There are Vance and Mo, as I said. Nice to see Vance is recovering from his stroke, not nice to see that his public appearances have been so minimal since leaving the Daily Show that evidence of one of my six all-time wikipedia edits are still on his page.
Seriously, you chose cat in tree over porkchop fire? Philistines. Also, ‘apparatuses’ is correct. Go jump in a dumpster, user:Alan_Smithee.
Celebrity Jeopardy non-winner Josh Gad’s not-necessarily-funny loudness was consistent with past appearances despite his cited salary to the contrary (and no longer being as fat). He provided a voice in the animuted film Frozen, which my father has seen but I have not. A few weeks after this show criticizes D. Trump for making his presidential pitch as “I’m rich,” this Gad that I’m supposed to like comes out and yells “Disney money, BITCH!” The difference, of course, is that Josh said “bitch.”

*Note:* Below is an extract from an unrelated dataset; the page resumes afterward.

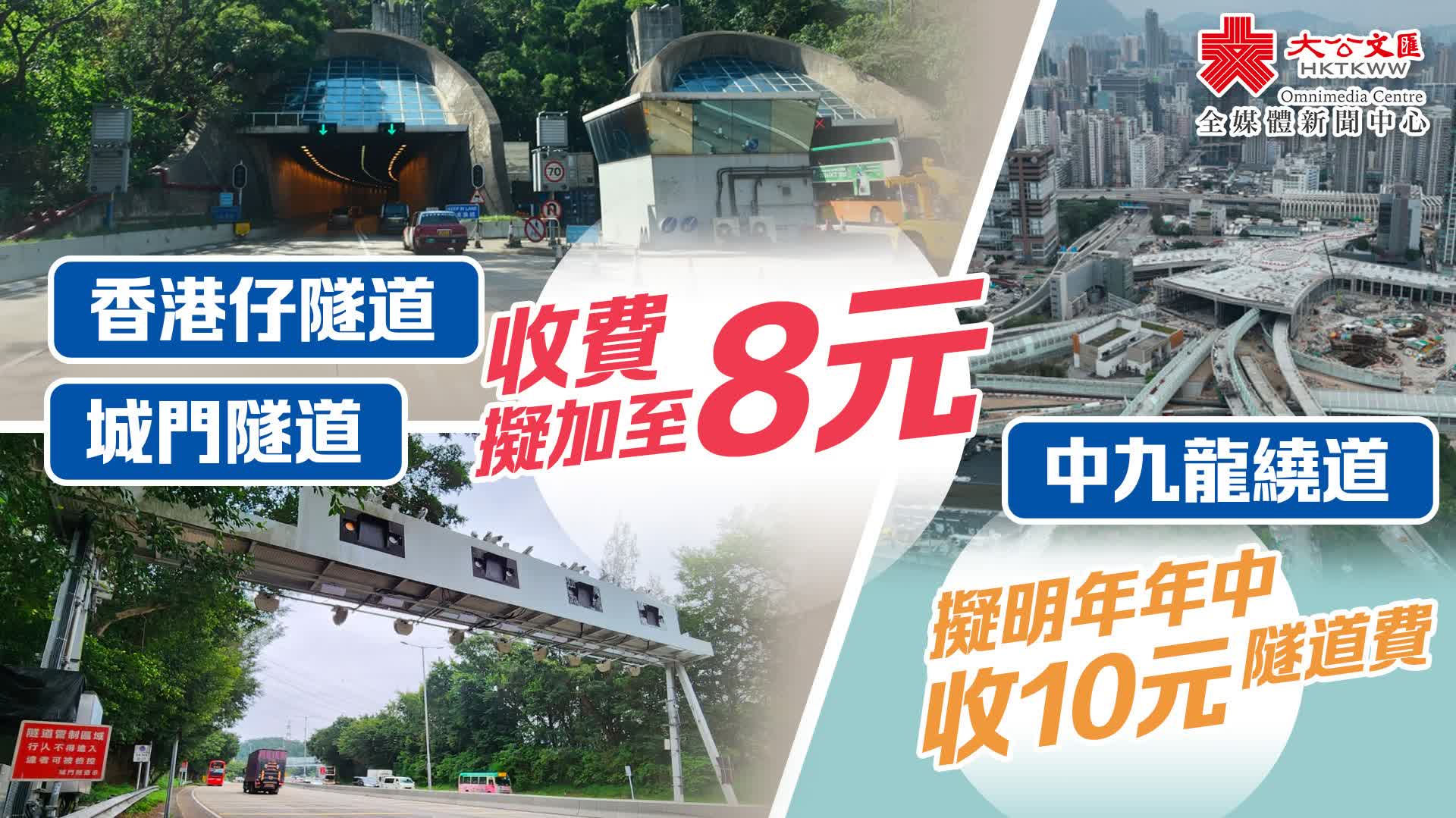 大公文匯全媒體報道,政府建議調整香港仔隧道及城門隧道收費,由現時的5元上調至8元,又建議中九龍繞道所有車輛全日統一收費10元。運輸及物流局局長陳美寶出席立法會交通事務委員會表示,香港仔隧道及城門隧道的收費加至8元,預料對交通管理的影響輕微,同時達致收支平衡。預計中九龍繞道全線開通後繁忙時段使用率接近飽和,需透過收費管理交通。

Stacey Grenrock-Woods, whose Daily Show reception was similar to Gad’s, did not appear, but did not appear in Book of Mormon either. She did have many more segments aired, however — 55 in total, if imdb.com is to be believed, and it is not always, since it only lists one for Gad, and I know he appeared at least four times, including this one.
By the roy, I am glad Donald Trump has the attention he is getting. The American republican party has been led by a kangaroo court of irrational loudmouth cartoon characters with no solutions as long as I have been casually acknowledging politics, long before Fox News streamlined our access to it. The party created this opportunity for somebody like Trump, and deserves everything that Trump does with the opportunity, and the party deserves to not be able to control Trump. They did not learn anything from Arnold Schwarzenegger or Sarah Palin, and this is the next stage of that. Now that the American public widely supports homosexual rights, believes in evolution and other similarly “blasphemous” endeavors, the republican party has lost Christian moral authority as a means to prop itself up, which is all it ever had, and nobody believes it anymore when it claims it’s actually talking about science instead of religion, either. Without that they just have to get more and more ridiculous to get attention. The Jon Stewart exit aired the same night as the once-recent republican debate… One of these indistinguishable dumb shows that the Daily one had little impact on the continued creation of, interviewed a focus group after the debate, because that’s safer than actually expressing an opinion for yourself, and one member chosen to speak on camera claimed to have formerly been a Trump supporter, but no longer! I cannot think what put the guy off: Trump’s total consistency with past behavior, that made him the party frontrunner and got him in the debate among the sponsored politicians to begin with?
I would love for the republican party to self destruct and allow a competent group to take its place and challenge democrats on legitimate topics instead of the some old non-topics both sides mutually agreed to fake-argue about so they could maintain their rubbish party-based electoral college system. Which seems a naive thing to say, and polls don’t amount to a hill of beans in an election over a year away, but I appreciate not knowing exactly what is going to happen next and finding an opening to have naive hopes in.
Back on topic, the less daily-like shows I view, the less aware I will be of polls and therefore the less likely I will feel the need for that manner of interlude.